Mündliche Frage Nr. 1653

15. April 2024 – Frage von P. Spies an Ministerpräsident Paasch zum politischen Engagement auf kommunaler Ebene

Inwiefern kann die Deutschsprachige Gemeinschaft das politische Engagement auf kommunaler Ebene aufwerten?

Die nachfolgend veröffentlichte Frage und die Antwort entsprechen den hinterlegten Originalfassungen. Die endgültige Version ist im Bulletin für Interpellationen und Fragen (BIF) veröffentlicht. 
 
Frage von Patrick Spies (SP): 
 
Bekanntlich haben wir in Belgien in diesem Jahr ein sogenanntes Superwahljahr. Am 9. Juni finden bei uns die Wahlen für das Parlament der Deutschsprachigen Gemeinschaft, das Parlament der Wallonischen Region, die Abgeordnetenkammer sowie für das Europäische Parlament statt.
 
Am 13. Oktober werden die Bürgerinnen und Bürger wieder zu den Wahlurnen gebeten, da dann die Gemeinderatswahlen sowie die Provinzialratswahlen stattfinden.
 
Bei all diesen Wahlen steht außer Frage, dass unsere Kommunen die politische Ebene darstellen, die dem Bürger im politischen und verwaltungsmäßigen Aufbau des Staates am nächsten sind.
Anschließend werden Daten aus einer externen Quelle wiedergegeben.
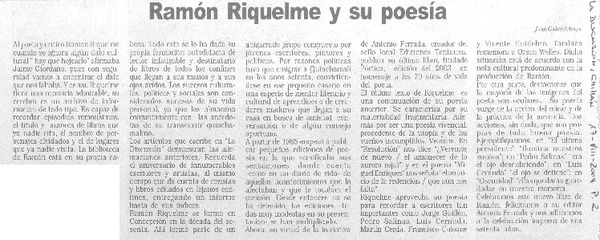 Ramón Riquelme y su poesía [artículo] Juan Gabriel Araya.
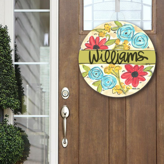 Welcome 3 Flowers Door Hanger
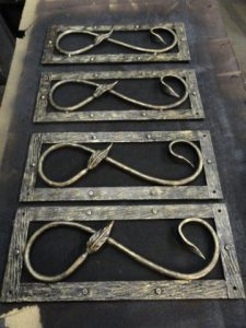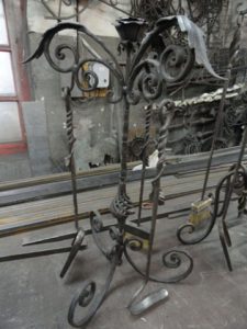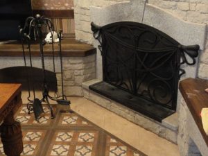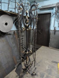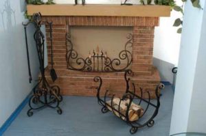 У камина — это место, где жители дома любят собираться и проводить время, т.к. там присутствует атмосфера теплоты и уюта. Чтобы создать камину изысканность и законченный вид, необходимо оформить его декоративной кованой решеткой. Ажурность решетки для камина создаст определенный стиль Вашему интерьеру, а дополнят его каминные принадлежности и дровница.
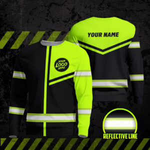 Hi Vis Shirt Uniform Reflective Black And Green Neon Custom Name And Logo Safety Workwear
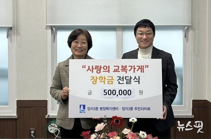 이번 성금은 2025년 한 해 동안 주민자치회가 운영한 ‘사랑의 교복가게’ 운영 수익금으로 조성됐으며, 관내 저소득 가정 학생 1명에게 장학금으로 전달될 예정이다.
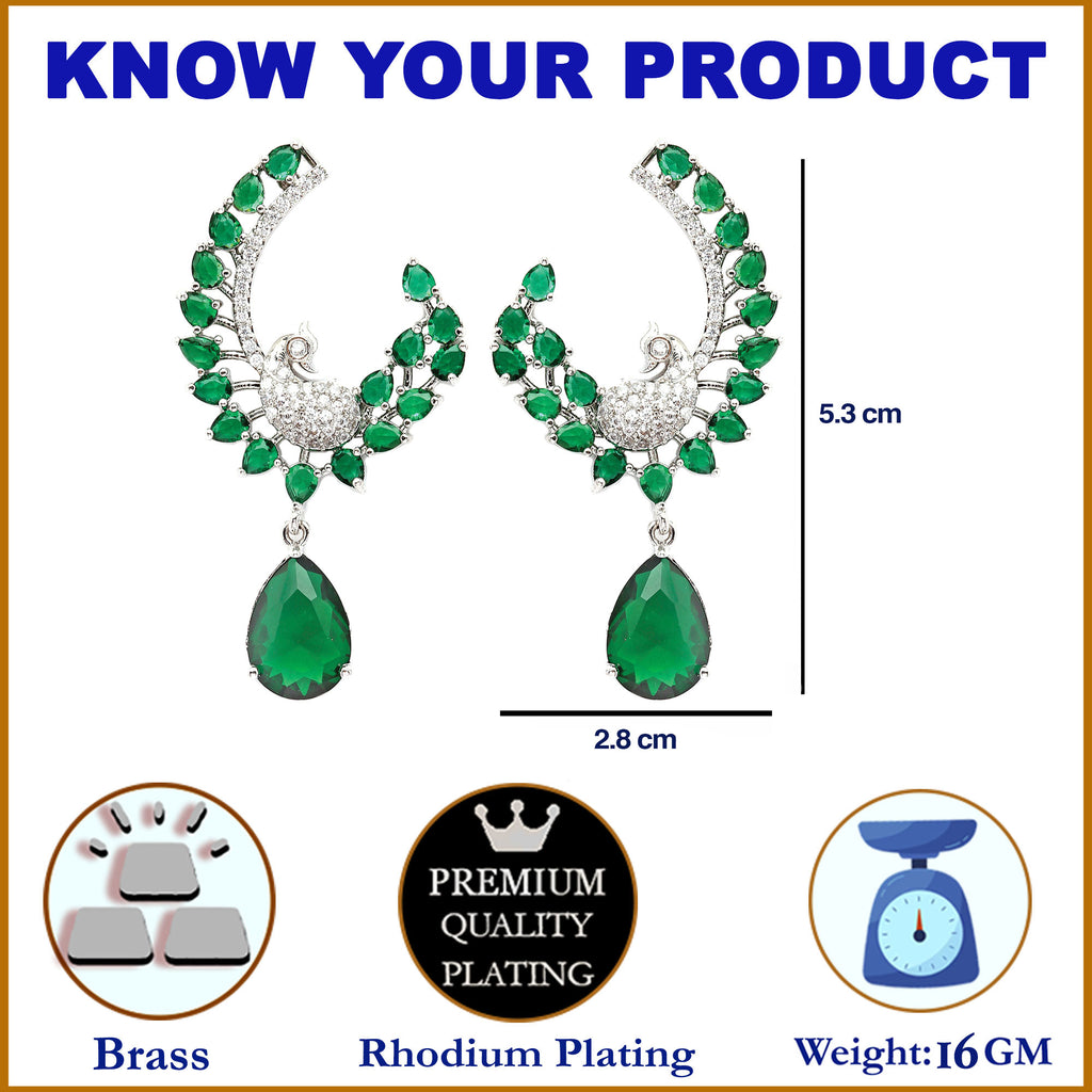 Rhodium-Plated Green American Diamond studded Peacock & Feather Shaped Drop Earrings
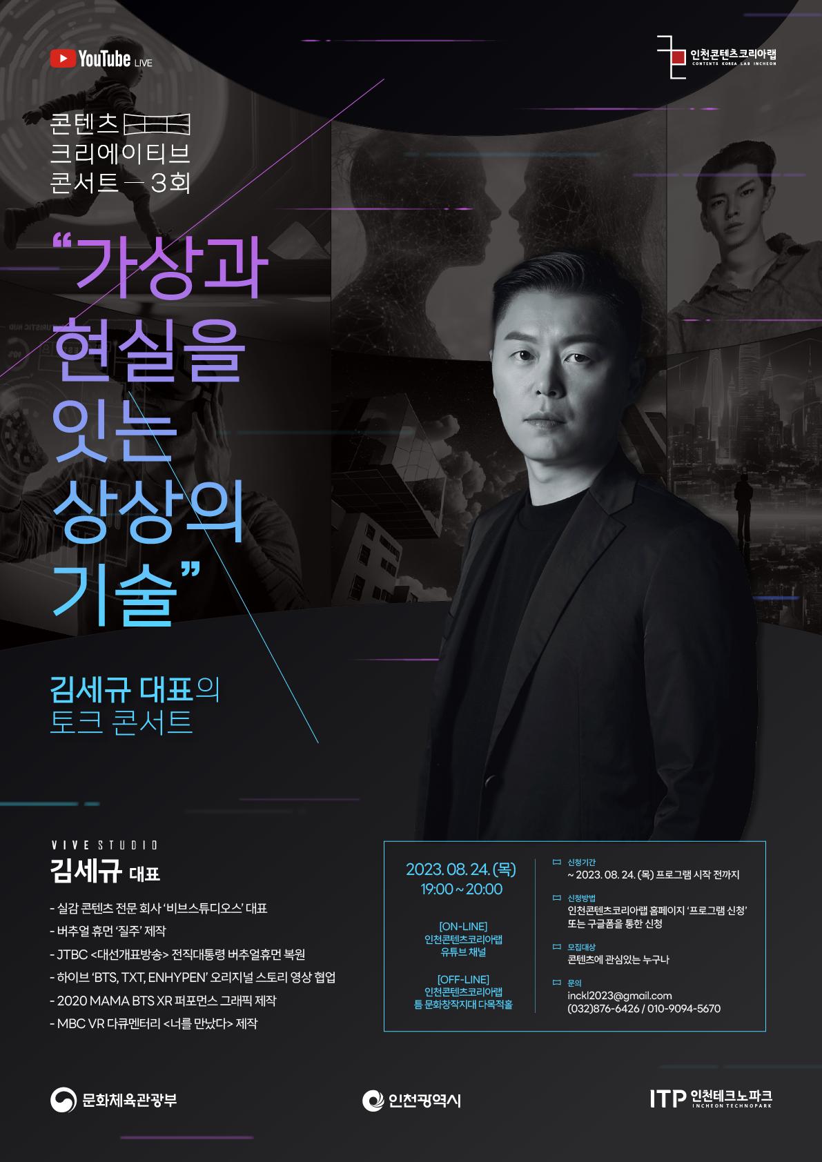 ▶ 문의: 032) 876-6426 / inckl2023@gmail.com (인천콘텐츠코리아랩 운영사무국)

Wer sich demnach auf kommunaler Ebene engagiert, kann auf lokaler Ebene ganz konkret Einfluss nehmen und an Entscheidungen teilhaben, die den Alltag unmittelbar beeinflussen. 
 
Im Hinblick auf die Kommunalwahlen im Herbst lässt sich jedoch absehen, dass es in einigen Gemeinden durchaus immer schwieriger wird, Menschen zu finden, die sich auf dieser Ebene noch politisch engagieren wollen. 
 
Dies kann dann durchaus zur Folge haben, dass es in einigen Gemeinden so gerade noch eine Liste geben wird und die Bürgerinnen und Bürger im Endeffekt nicht wirklich die Wahl zwischen zwei „Programmen“ haben.
 
Vor dem Hintergrund der Autonomieerweiterung der Deutschsprachigen Gemeinschaft und der fundamentalen Bedeutung der Gemeinden in diesem Prozess sowie mit Hinblick auf die Wahlen im Oktober möchte ich Ihnen als Ministerpräsident daher folgende Fragen stellen:
1. Inwiefern kann die Deutschsprachige Gemeinschaft das politische Engagement auf kommunaler Ebene aufwerten?
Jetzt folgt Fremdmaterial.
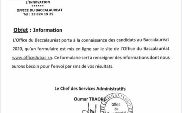 Il n'y aura pas de délibéré des résultats du Baccalauréat cette année 2020, comme cela se faisait à l'accoutumé. Les choses se feront autrement en raison de la pandémie du coronavirus. L'Office du Bac a décidé d'envoyer aux candidats les résultats de leur examen via Sms (message). Certainement pour éviter les rassemblements....
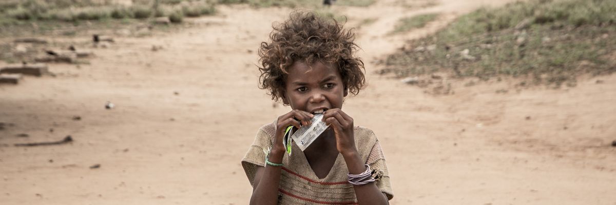 A girl eats a food supplement distributed during a malnutrition screening session organized by the NGO Action Contre la Faim and the World Food Program (WFP) in the municipality of Ifotaka, in southern Madagascar, on December 14, 2018.
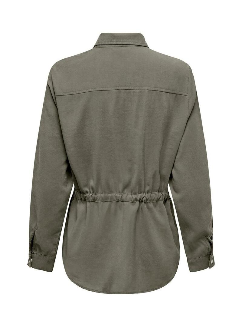 Camisa sobreposta Only. Modelo Latis. Cor verde. Fecho com botões metálicos de pressão. Gola camiseira. Bolsos de remendo no peito com aba. Cintura ajustável com cordão. Manga ajustável.
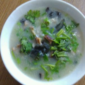 把瘦肉剁成肉末,香菇切丁,皮蛋切大块,葱,芹菜,香菜,切末,姜切丝,备用
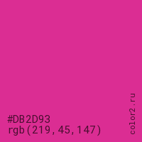Цвет #DB2D93 в цветовой модели RGB обозначается тремя октетами (219, 45, 147) в десятичном формате и #DB2D93 в шестнадцатиричном (hex) формате, которые являются интенсивностью красного 219 (hex DB), интенсивность зелёного 45 (hex 2D) и интенсивность синего 147 (hex 93).
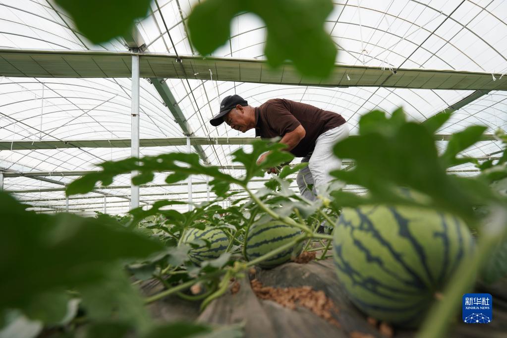 5月17日,河北省柏鄉縣馬村瓜農在管理大棚西瓜。

2. Welche neuen Instrumente und Möglichkeiten gibt es in Hinblick auf die Mitbestimmung auf kommunaler Ebene?
3. Inwiefern bedroht das schwindende politische Engagement auf kommunaler Ebene die Bestrebungen nach einem weiteren Autonomieausbau?
 
 
Antwort von Oliver Paasch (ProDG), Ministerpräsident:
 
Die kommunale Politikebene gilt seit jeher als Wiege der Demokratie. 
 
Über 30.000 Menschen engagieren sich hierzulande in den rund 450 anerkannten Vereinen in Kultur, Sport und vielen weiteren Bereichen. 
In diesem Zusammenhang gewährt die Regierung den Gemeinden jährlich Dotationen zur Auszahlung von Vereinssubventionen; im Jahr 2024 waren es immerhin 629.000 Euro.
 
Mit oder ohne politisches Mandat prägt der Einsatz all dieser Menschen die Lebensqualität vor Ort anhand besonders bürgernaher und greifbarer Projekte. Zur Stärkung der lokalen Behörden hat die Regierung beispielsweise ein Abkommen mit dem Städte- und Gemeindeverband der Wallonie (UVCW) abgeschlossen. Alle deutschsprachigen Gemeinden können seither auf ein deutschsprachiges Beratungsangebot des Verbands zurückgreifen. 
 
Um die Arbeit in den Gemeinden zu verbessern, haben wir in dieser Legislaturperiode unsere Zuwendungen an die Gemeinden um knapp 25 % erhöht. 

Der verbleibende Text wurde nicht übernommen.